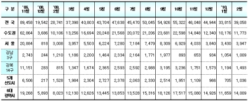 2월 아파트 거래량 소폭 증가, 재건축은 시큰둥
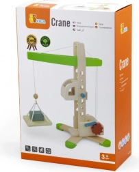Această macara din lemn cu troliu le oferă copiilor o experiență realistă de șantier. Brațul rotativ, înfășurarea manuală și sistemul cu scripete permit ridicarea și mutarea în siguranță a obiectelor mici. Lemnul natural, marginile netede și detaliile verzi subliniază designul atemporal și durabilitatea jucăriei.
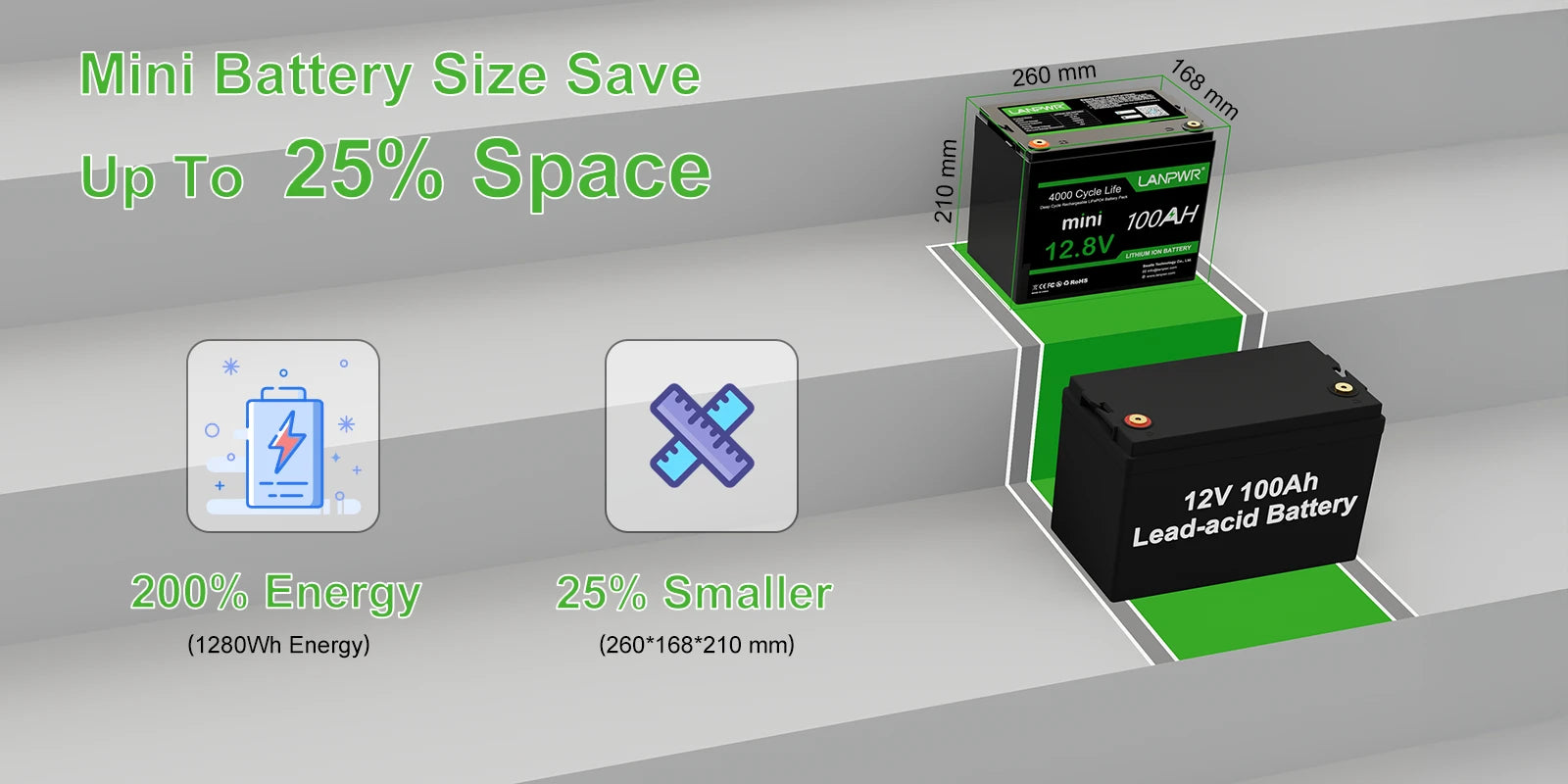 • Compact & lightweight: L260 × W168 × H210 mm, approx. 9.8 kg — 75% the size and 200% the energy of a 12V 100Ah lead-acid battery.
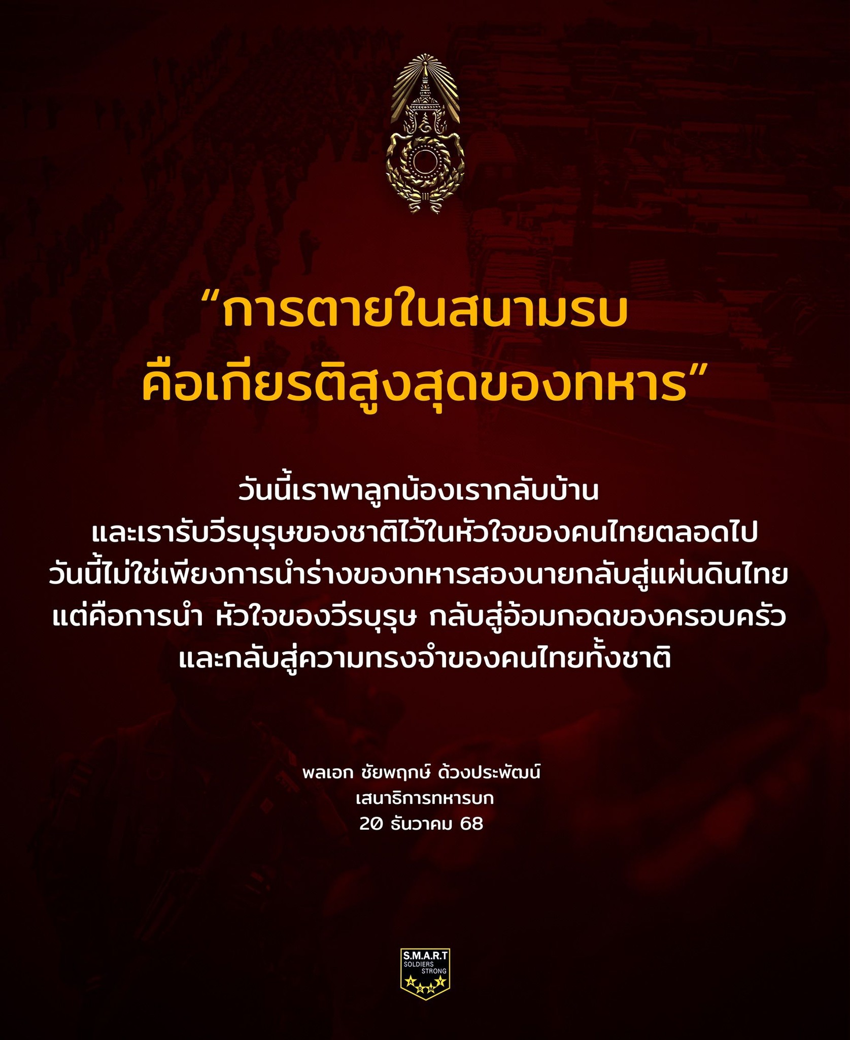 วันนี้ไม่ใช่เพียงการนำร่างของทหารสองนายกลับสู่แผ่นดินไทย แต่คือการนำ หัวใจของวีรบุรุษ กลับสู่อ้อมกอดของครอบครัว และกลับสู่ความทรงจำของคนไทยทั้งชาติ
------------------------------------
The line containing "Această macara din" marks the start: set down exactly that line and every line after it through the last line of the data, without any pictures.

▶ Solution to this task
Această macara din lemn cu troliu le oferă copiilor o experiență realistă de șantier. Brațul rotativ, înfășurarea manuală și sistemul cu scripete permit ridicarea și mutarea în siguranță a obiectelor mici. Lemnul natural, marginile netede și detaliile verzi subliniază designul atemporal și durabilitatea jucăriei.
 • Compact & lightweight: L260 × W168 × H210 mm, approx. 9.8 kg — 75% the size and 200% the energy of a 12V 100Ah lead-acid battery.
 วันนี้ไม่ใช่เพียงการนำร่างของทหารสองนายกลับสู่แผ่นดินไทย แต่คือการนำ หัวใจของวีรบุรุษ กลับสู่อ้อมกอดของครอบครัว และกลับสู่ความทรงจำของคนไทยทั้งชาติ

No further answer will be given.